# Masking hinges on pre-hung commercial doors



## Paintin Fool (Jun 13, 2008)

I am a third generation painter by trade, I have recently evolved into commercial painting and just landed a decent size job, with a total of 500 hanging doors with four commercial grade hinges on each door. I have heard of hinge masking products on the market, but have not been able to find any for commercial hinges. Does anyone know if there is a product on the market that works? Please let me know asap because the job starts in 3 weeks. Thank You!


----------



## genecarp (Mar 16, 2008)

only one post please


----------



## Chazbe (Apr 13, 2007)

This may sound like a off the wall answer but look for a label printing company in your area. Most have a huge selection of cutting dies and if you give them the exact size of the hinge they could make blanks for you. Get removable adhesive. Just peel off, stick on then remove when done. If you need more info on this approach msg me and I could help you out.
Chuck


----------



## Heefs Home Impr (Mar 8, 2007)

Paintin Fool said:


> I am a third generation painter by trade, I have recently evolved into commercial painting and just landed a decent size job, with a total of 500 hanging doors with four commercial grade hinges on each door. I have heard of hinge masking products on the market, but have not been able to find any for commercial hinges. Does anyone know if there is a product on the market that works? Please let me know asap because the job starts in 3 weeks. Thank You!
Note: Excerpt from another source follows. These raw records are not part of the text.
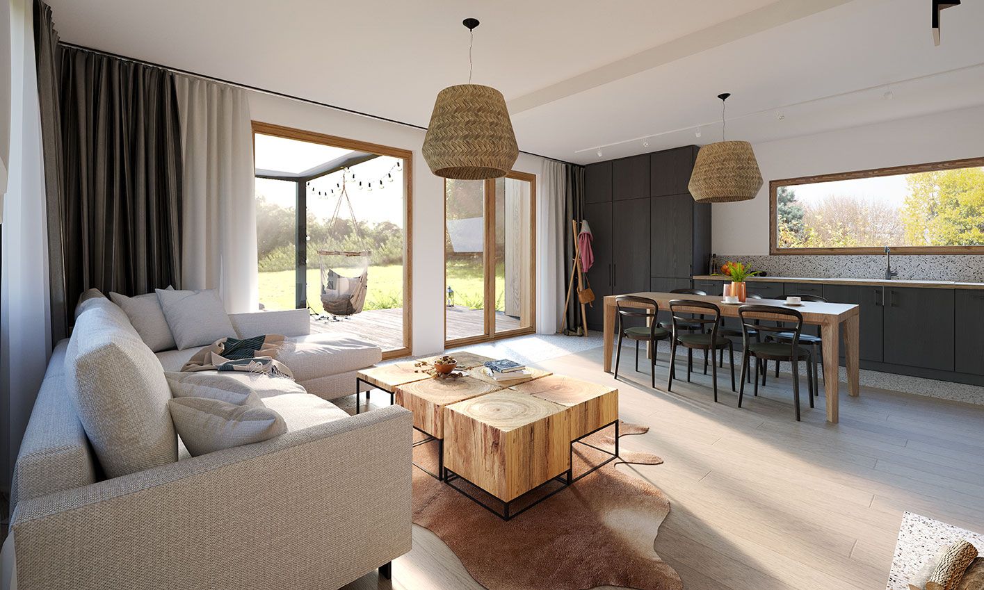Erna 2 wooden — небольшой односемейный дом или летний домик. В доме три спальни и открытая гостиная. Площадь застройки составляет 69,5 м2, возможна постройка по запросу. Это «современный амбар» с остеклением фронтонной стены. Вход в дом осуществляется через террасу, что позволяет размещать дом на участках с въездом с юга. В стандартной комплектации дом оборудован тепловым насосом и камином.
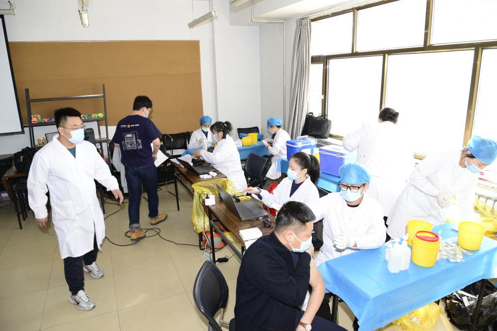 4月8日,在学校党委的积极组织部署下,在后勤服务中心的辛苦努力下,全校师生开始接种疫苗。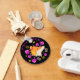 Express yourself with this bright and colourful Cute Foxy Witch Magick Fox Witchcraft featuring bright pink mushrooms, tarot cards, pentacles, wands, and a fox wearing ankh earring over a black background. Change the background colour and text to say whatever you like!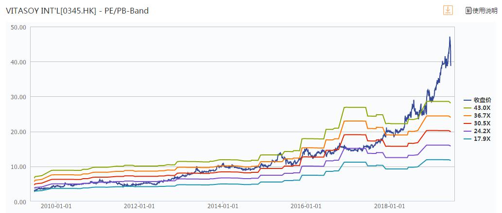 尽管营收的增速下滑,但毕竟全年还有双位数的增长,为何一周就跌超15%。这也就是戴维斯曾经提过的道理,当维他奶有10%-20%的业绩增速之时,市场给与20倍左右pe属于正常范围。但随着股票热度的增加,叠加经济增速下滑导致对于稳定消费股的追捧,维他奶的估值慢慢变得高估。到维他奶得到超60pe的时候,实际对其高估程度陷入了“疯狂”。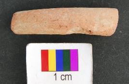 | Description / विवरण | It is a fragment of terracotta bangle with thin body and round section. Its thickness is uneven. |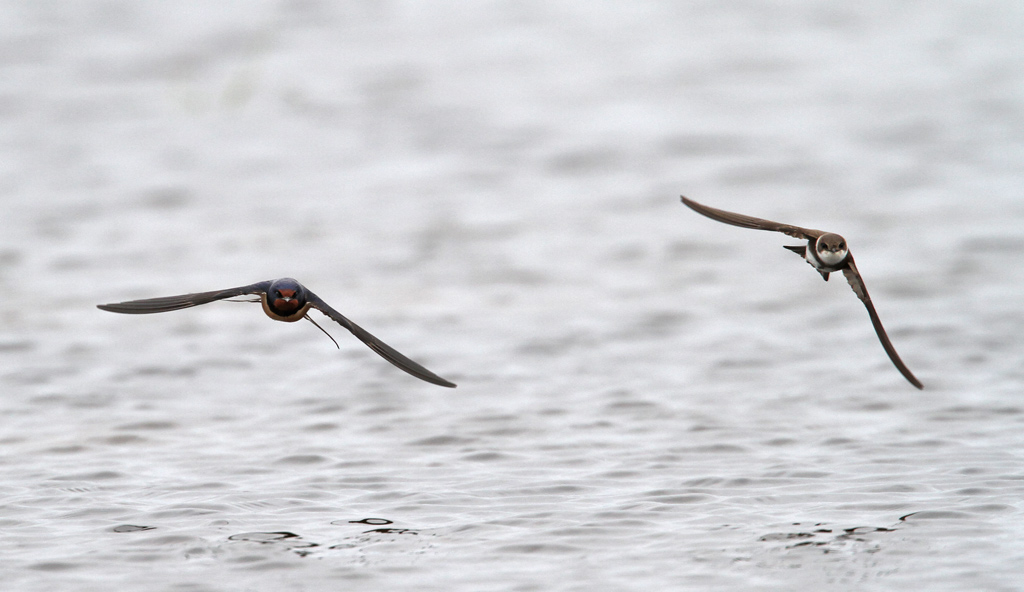Titel: Digesvale og Landsvale i flugt over vandet.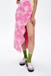 Seasonal knitted jacquards are key to the collection, with oversized motifs of cherries in vivid color, featuring a mix of blurred piles and abstract splashes of cherry juice — as though the fruit itself has burst open, spilling its rich, vibrant hues across the fabric. The tactile, playful nature of these designs infuses the collection with a joyful spirit that we always try to have in the face of this environmental crisis.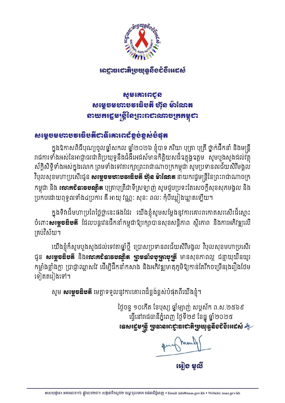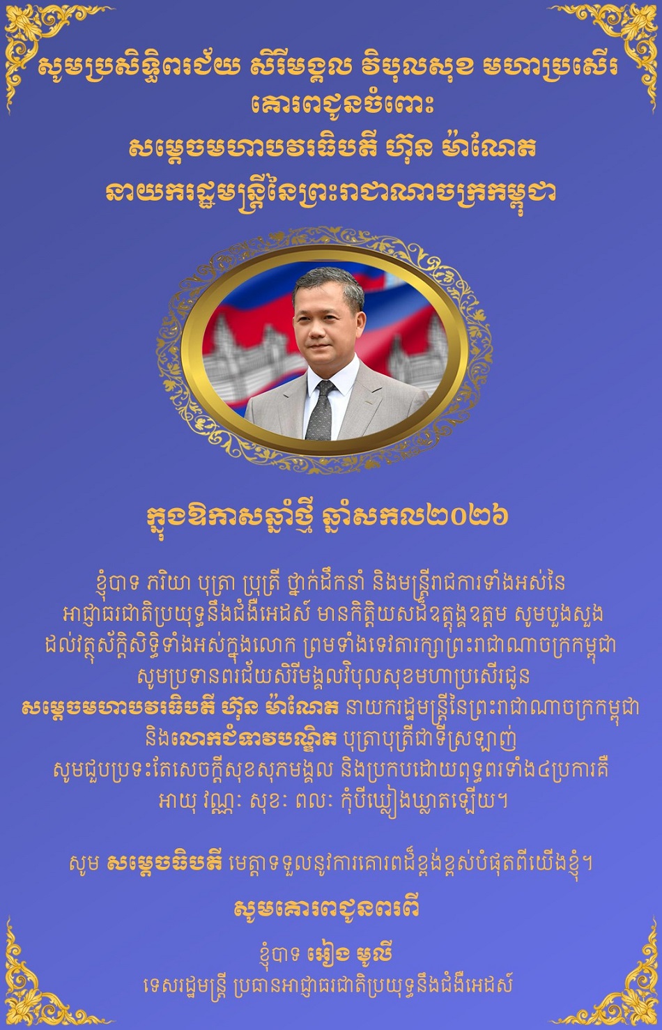 លិខិតគោរពជូនពរសម្ដេចមហាបវរធិបតី ហ៊ុន ម៉ាណែត នាយករដ្ឋមន្រ្តី នៃព្រះរាជាណាចក្រកម្ពុជា និងលោកជំទាវបណ្ឌិត ក្នុងឱកាសពិធីបុណ្យចូលឆ្នាំសកល ឆ្នាំ២០២៦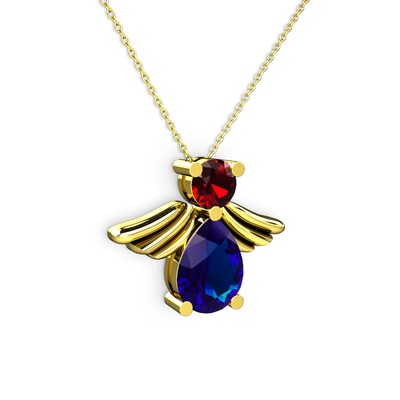 Lab safir ve garnet 18 ayar altın kolye (40 cm altın rolo zincir)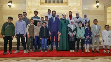"الشرع" وعقيلته يلتقيان أطفال الشهداء والمتفوقين بمناسبة اليوم العالمي للطفل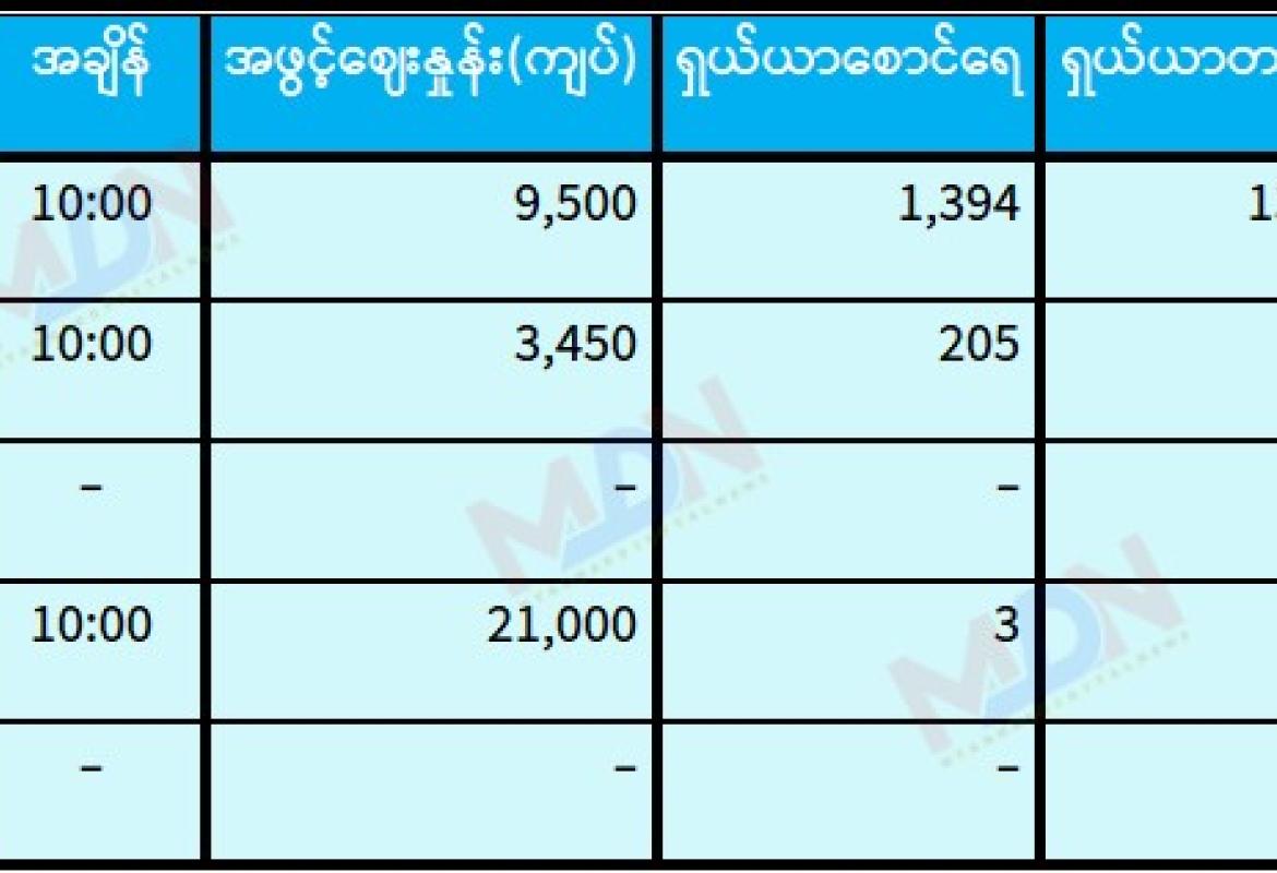 ဧပြီ ၃ ရက် ရန်ကုန်စတော့ အိတ်ချိန်းရှယ်ယာ အဖွင့်ဈေးနှုန်းများ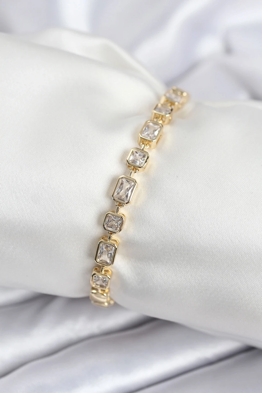 Pirinç VIP Seri Zirkon Taşlı Gold Renk Kadın Bileklik - TJ-BB7938

Hey you Paintin Fool! I found this product in the May 2008 issue of PWC (painting & wallcovering contractor) magazine page 75...

"Hinge masking magnets speed door prep"from Masking Products International magnetic hinge covers for res and commercial doors and sell for .99cents available at Sherwin-Williams stores.


----------



## Heefs Home Impr (Mar 8, 2007)

also, they list www.hingecover.com however I've had no success finding the web site


----------



## RCPainting (Jan 29, 2006)

http://www.hingemag.com/


----------



## Paintin Fool (Jun 13, 2008)

*Wow! I'm Impressed!*

Hey thanks alot guys. I found the hingemags on hingemag.com and tried them. 
These things are awesome! They actually work. 
Alot quicker than tape, and they are reusable. They fit perfectly, and actually cover the whole hinge. And they only take about 10 seconds to apply! I'm impressed.
Won't ever mask another hinge with tape again.
Again, thanks for the info.


----------